Segment Start: SOURCE MATERIAL
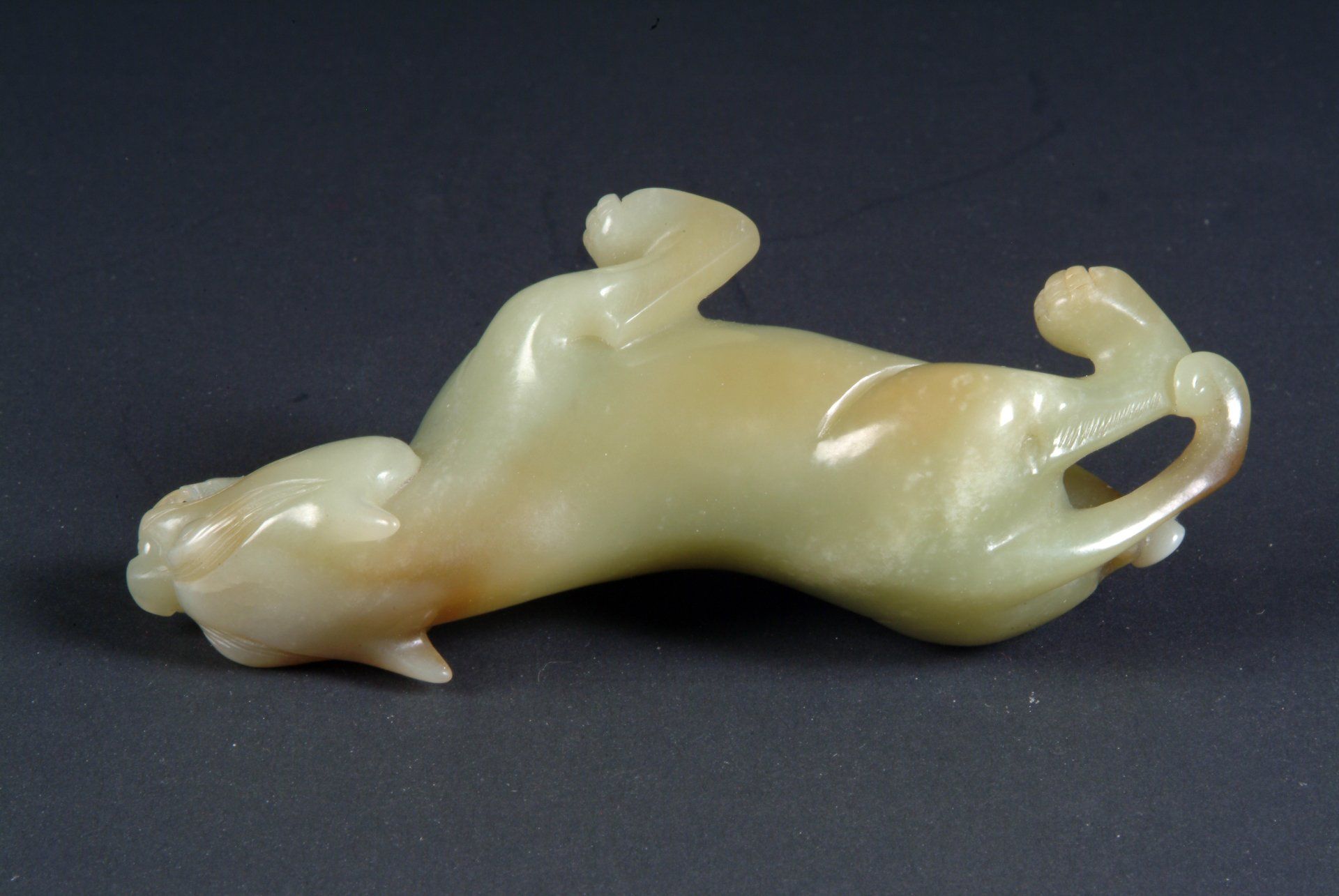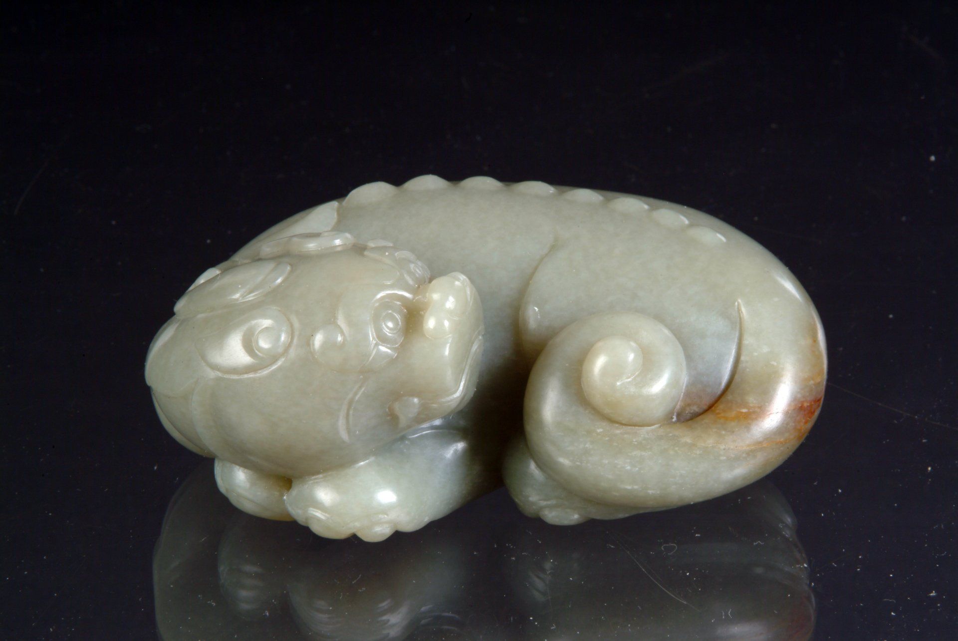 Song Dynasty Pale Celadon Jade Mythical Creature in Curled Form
Segment End: SOURCE MATERIAL
Segment Start: SOURCE MATERIAL
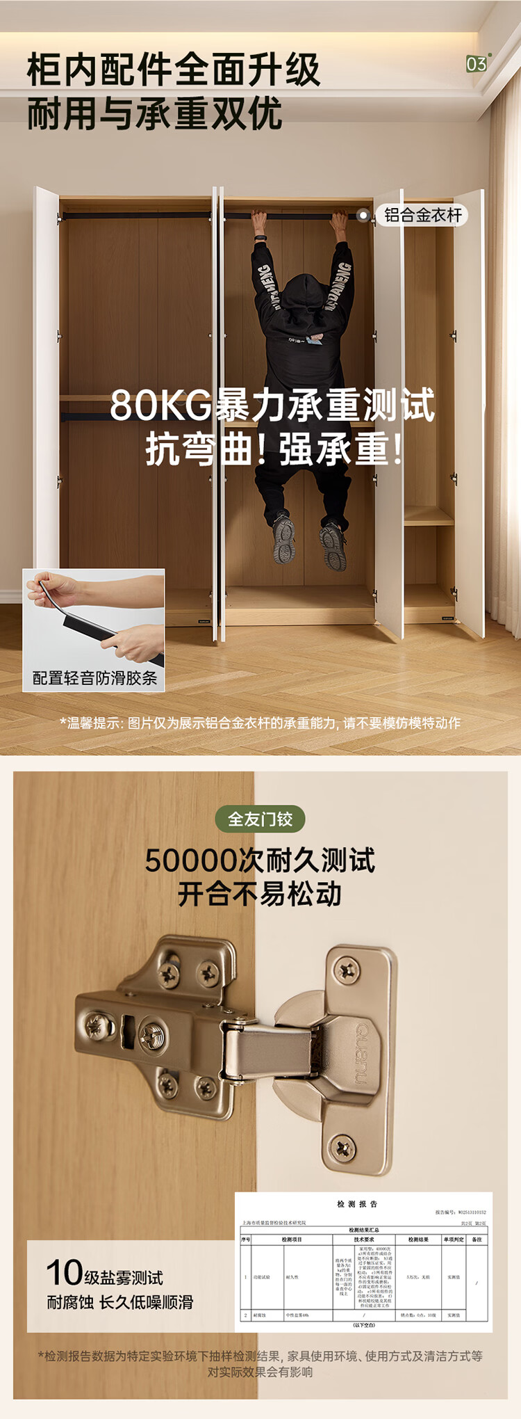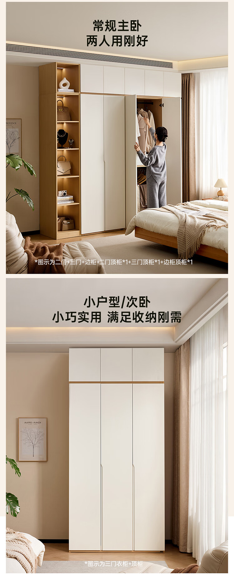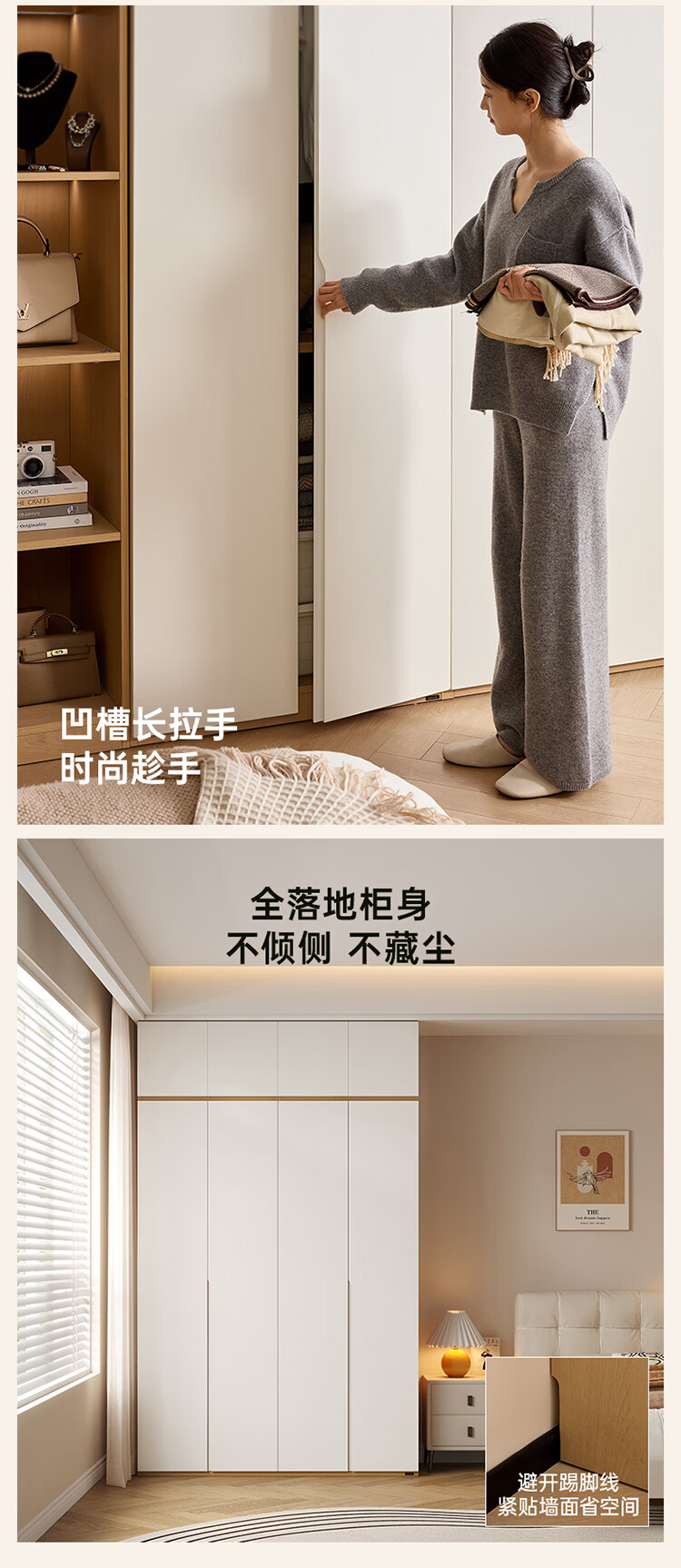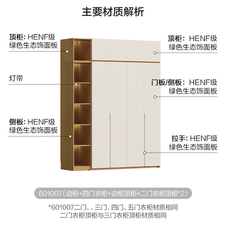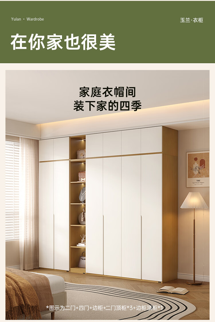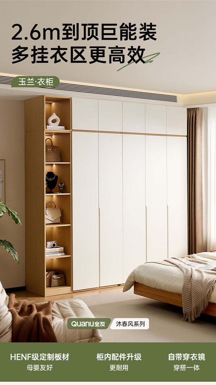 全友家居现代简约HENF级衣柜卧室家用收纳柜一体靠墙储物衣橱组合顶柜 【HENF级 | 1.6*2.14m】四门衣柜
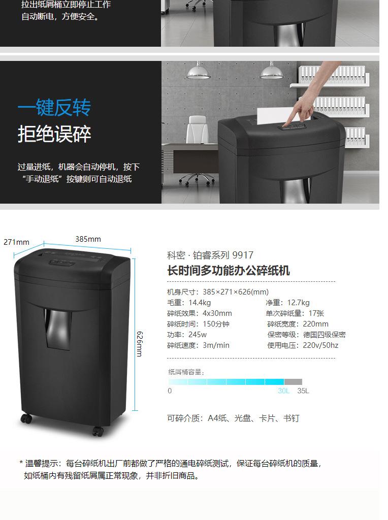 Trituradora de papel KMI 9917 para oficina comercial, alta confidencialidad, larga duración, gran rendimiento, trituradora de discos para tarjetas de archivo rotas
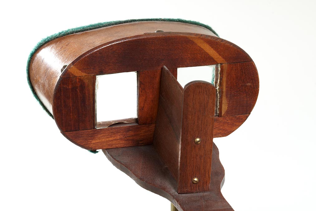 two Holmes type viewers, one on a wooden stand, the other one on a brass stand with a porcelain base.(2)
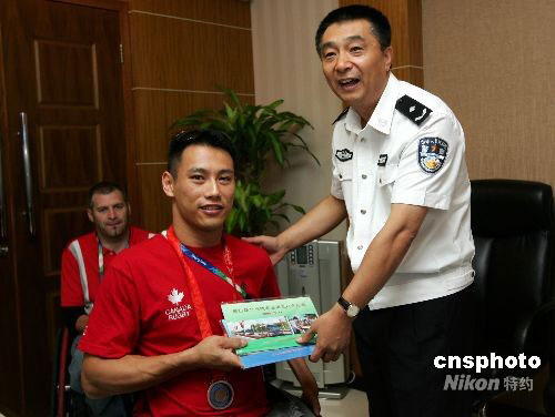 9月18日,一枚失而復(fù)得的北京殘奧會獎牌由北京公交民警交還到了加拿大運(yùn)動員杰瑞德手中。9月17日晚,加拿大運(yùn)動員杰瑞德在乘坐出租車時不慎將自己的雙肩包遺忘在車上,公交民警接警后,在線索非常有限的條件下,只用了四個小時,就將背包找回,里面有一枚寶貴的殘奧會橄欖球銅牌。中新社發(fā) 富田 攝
Segment End: SOURCE MATERIAL
Segment Start: SOURCE MATERIAL
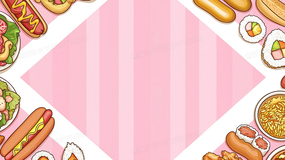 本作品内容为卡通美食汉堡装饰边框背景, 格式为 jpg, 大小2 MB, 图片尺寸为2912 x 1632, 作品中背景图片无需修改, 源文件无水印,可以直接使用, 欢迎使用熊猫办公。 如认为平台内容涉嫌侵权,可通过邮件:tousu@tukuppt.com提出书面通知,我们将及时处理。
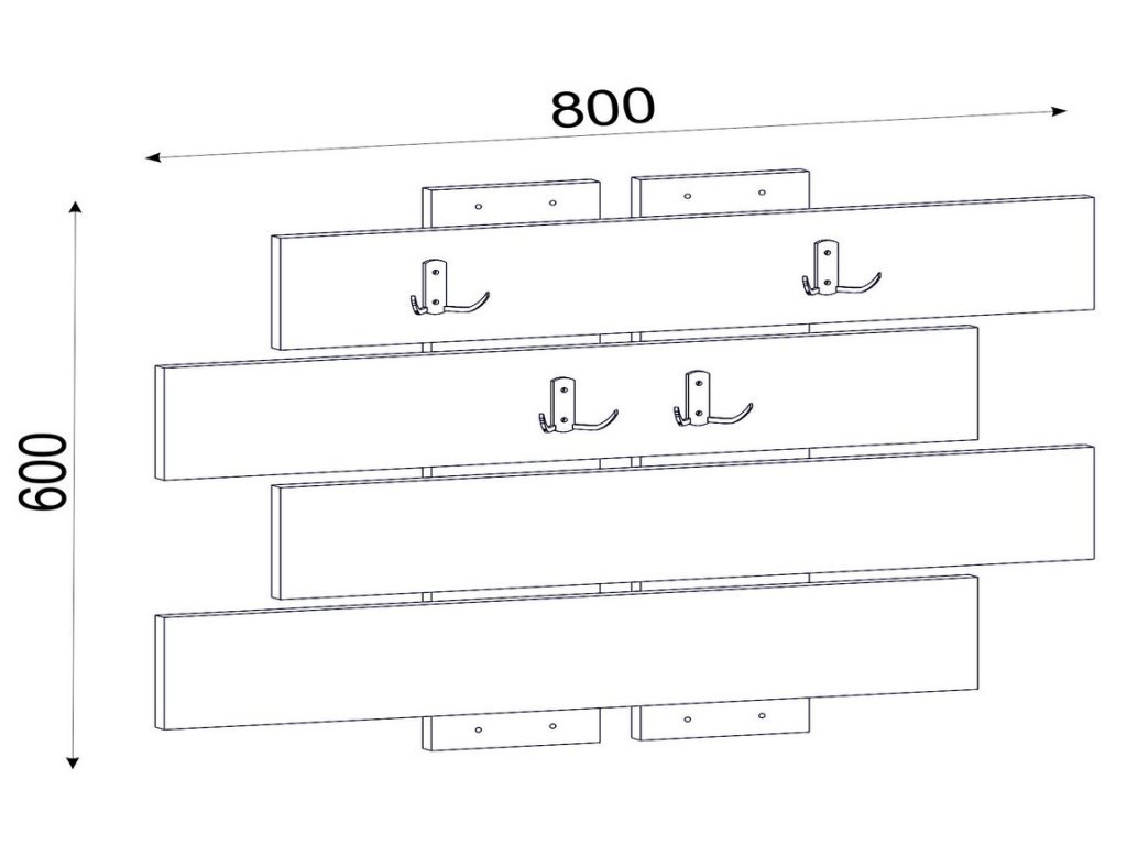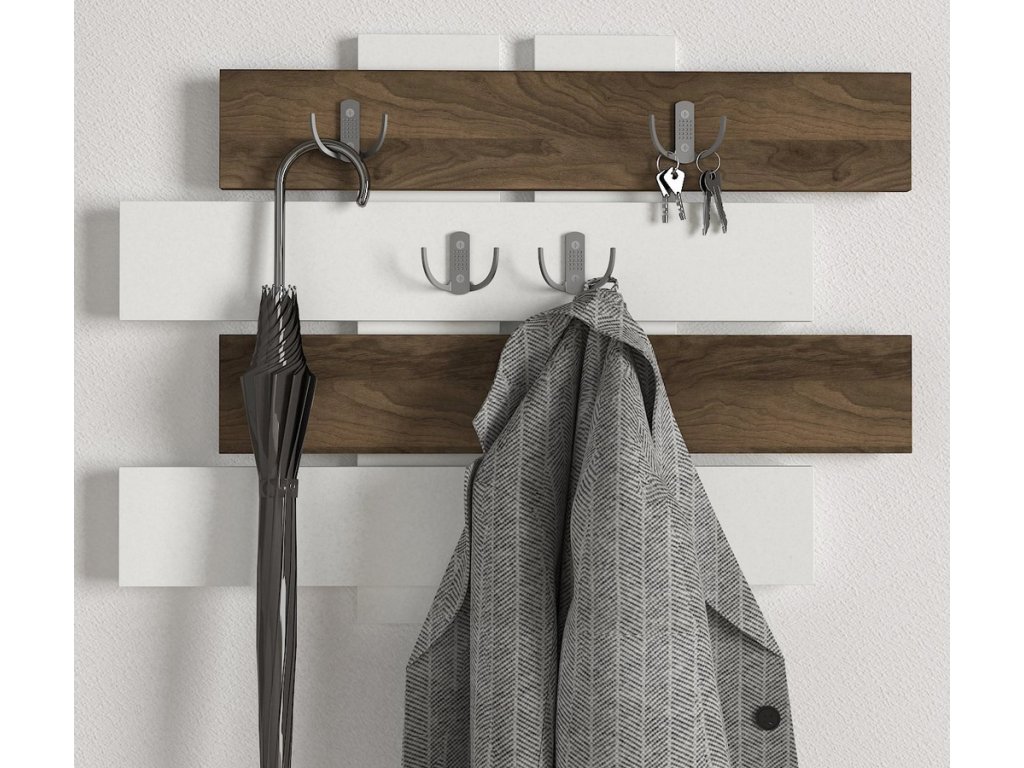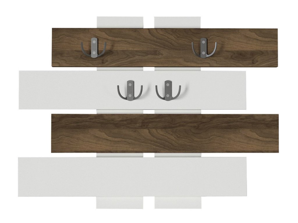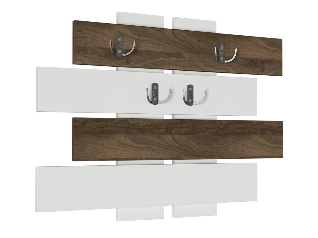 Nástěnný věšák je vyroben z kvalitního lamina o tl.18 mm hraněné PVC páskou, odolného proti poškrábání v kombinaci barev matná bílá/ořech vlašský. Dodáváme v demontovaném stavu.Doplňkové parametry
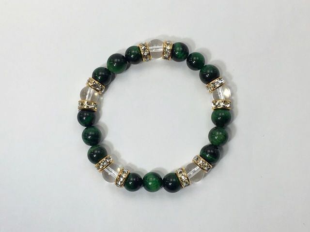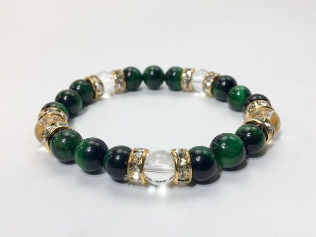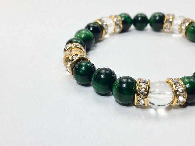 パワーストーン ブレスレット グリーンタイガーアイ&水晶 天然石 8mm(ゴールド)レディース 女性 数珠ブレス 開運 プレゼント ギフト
Segment End: SOURCE MATERIAL
Although pictures appear among the records above, write out exactly only the lines from the one that has "Nástěnný věšák je" through the one that has "パワーストーン ブレスレット グリーンタイガーアイ&水晶", and leave the pictures out.

### OUTPUT OF THE TASK
 Nástěnný věšák je vyroben z kvalitního lamina o tl.18 mm hraněné PVC páskou, odolného proti poškrábání v kombinaci barev matná bílá/ořech vlašský. Dodáváme v demontovaném stavu.Doplňkové parametry
 パワーストーン ブレスレット グリーンタイガーアイ&水晶 天然石 8mm(ゴールド)レディース 女性 数珠ブレス 開運 プレゼント ギフト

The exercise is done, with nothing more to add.